[Work task] Begin the copy at the line containing "Angkorly Chaussure Mode" in the data below and end it at the line containing "- Brand new", keeping each line exact and leaving out pictures.

[Record excerpts]
((
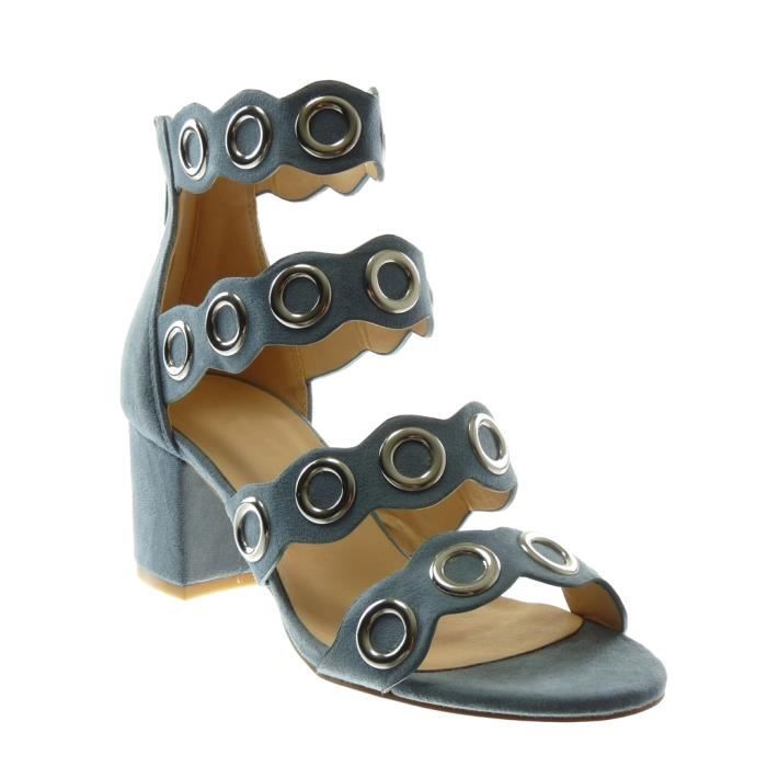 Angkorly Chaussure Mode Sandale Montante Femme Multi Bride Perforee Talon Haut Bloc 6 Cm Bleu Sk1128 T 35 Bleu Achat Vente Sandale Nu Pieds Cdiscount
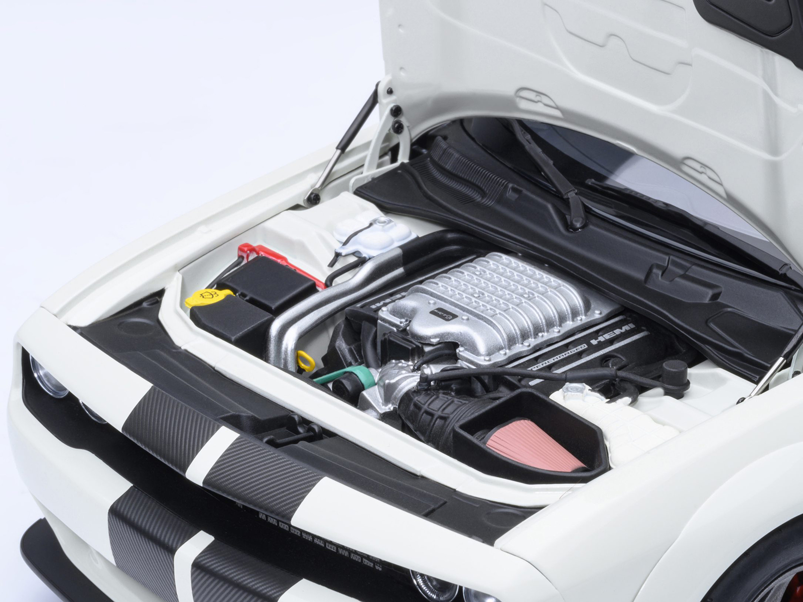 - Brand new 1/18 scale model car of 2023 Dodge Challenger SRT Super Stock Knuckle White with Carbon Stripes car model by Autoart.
))
((
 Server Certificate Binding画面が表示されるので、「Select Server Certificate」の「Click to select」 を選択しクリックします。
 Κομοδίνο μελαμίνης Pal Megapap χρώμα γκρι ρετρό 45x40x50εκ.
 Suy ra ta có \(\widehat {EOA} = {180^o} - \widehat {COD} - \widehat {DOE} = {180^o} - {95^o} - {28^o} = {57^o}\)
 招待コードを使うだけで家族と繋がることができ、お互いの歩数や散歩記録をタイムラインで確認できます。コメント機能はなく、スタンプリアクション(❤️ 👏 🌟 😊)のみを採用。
))
[Final answer]
 Angkorly Chaussure Mode Sandale Montante Femme Multi Bride Perforee Talon Haut Bloc 6 Cm Bleu Sk1128 T 35 Bleu Achat Vente Sandale Nu Pieds Cdiscount
 - Brand new 1/18 scale model car of 2023 Dodge Challenger SRT Super Stock Knuckle White with Carbon Stripes car model by Autoart.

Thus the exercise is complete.